> _EXERCISE PROMPT_
Retype the data that follows line by line, exactly, and leave its pictures out.

> _DATASET EXTRACT_
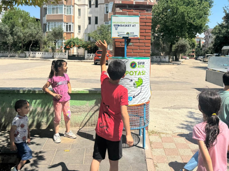 Karacabey Belediyesi sıfır atık hareketini bu kez parklarda konumlandırdığı basket potalarıyla eğlenceli hale getirdi.
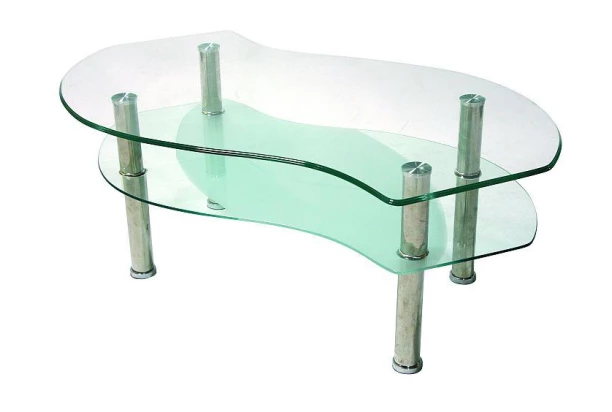 Skleněný konferenční stolek na kovových nohách v barvě lesklého chromu. Horní i dolní tvarování desek v zajímavě zaoblených tvarech.
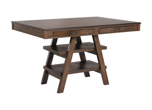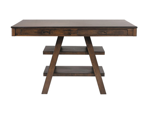 Entertain at this transitional counter height dining table, featuring ample seating space for up to six guests or family members. A rich walnut finish offers a neutral color palette and bold look to this furniture piece. With a raised counter height top, this table offers plenty of storage space below for all your dining essentials, from bowls to plates to serving pieces. Tucked inside the tabletop are two drawers for keeping linens and silverware. Use the A-frame pedestal base shelves for decor, cookbooks and more to create a custom look.
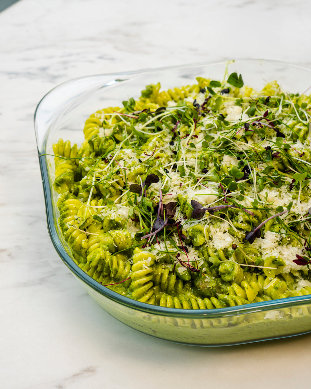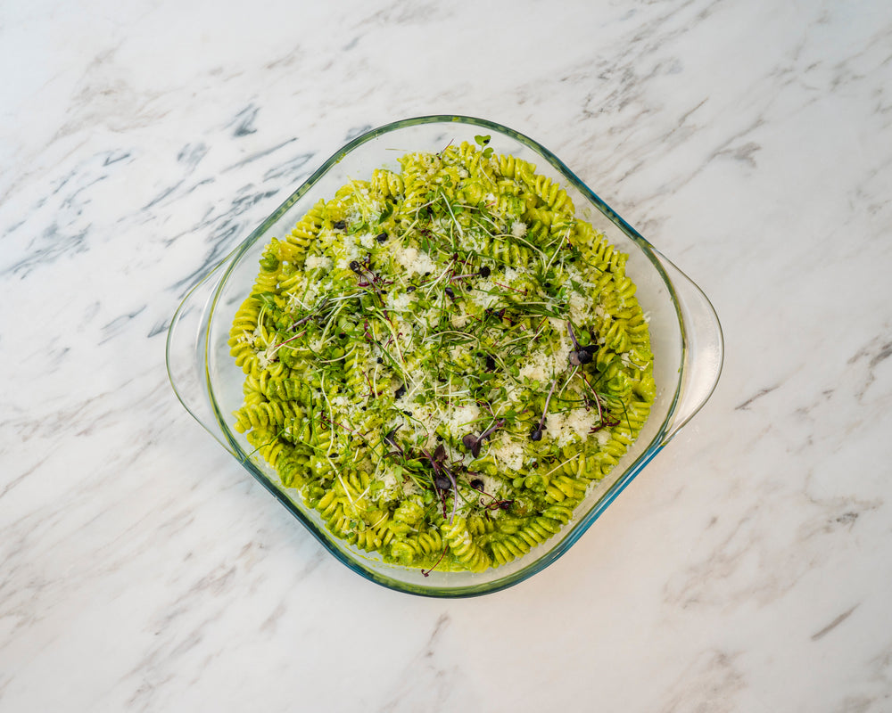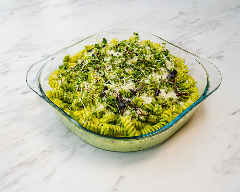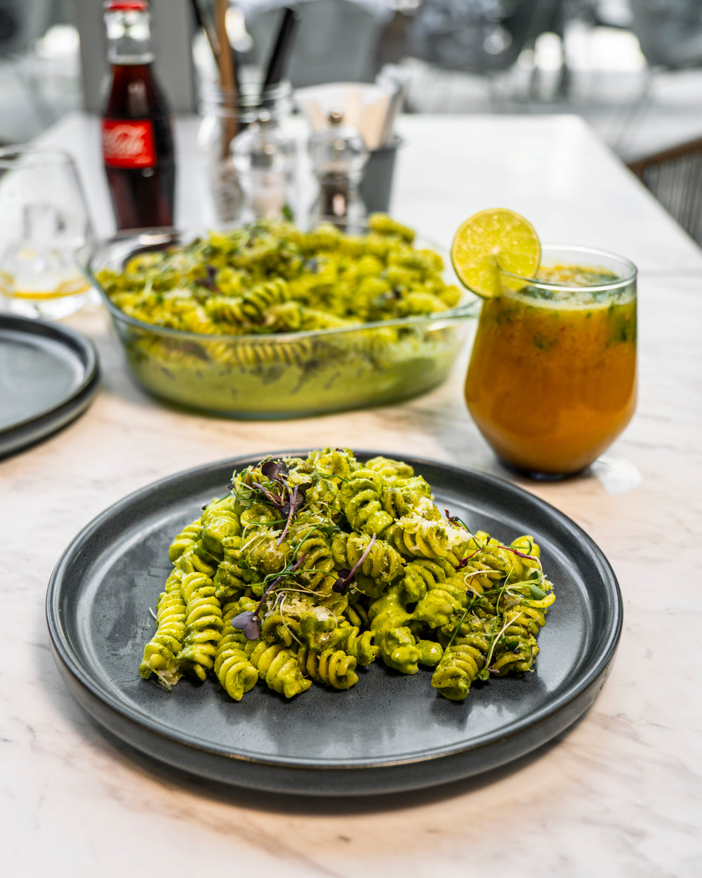 Fusilli pasta served with our very special green sauce made of parsley spinach, zucchini, coriander and Rocca leaves. It also comes with edamame beans

> _RESPONSE AREA_
 Karacabey Belediyesi sıfır atık hareketini bu kez parklarda konumlandırdığı basket potalarıyla eğlenceli hale getirdi.
 Skleněný konferenční stolek na kovových nohách v barvě lesklého chromu. Horní i dolní tvarování desek v zajímavě zaoblených tvarech.
 Entertain at this transitional counter height dining table, featuring ample seating space for up to six guests or family members. A rich walnut finish offers a neutral color palette and bold look to this furniture piece. With a raised counter height top, this table offers plenty of storage space below for all your dining essentials, from bowls to plates to serving pieces. Tucked inside the tabletop are two drawers for keeping linens and silverware. Use the A-frame pedestal base shelves for decor, cookbooks and more to create a custom look.
 Fusilli pasta served with our very special green sauce made of parsley spinach, zucchini, coriander and Rocca leaves. It also comes with edamame beans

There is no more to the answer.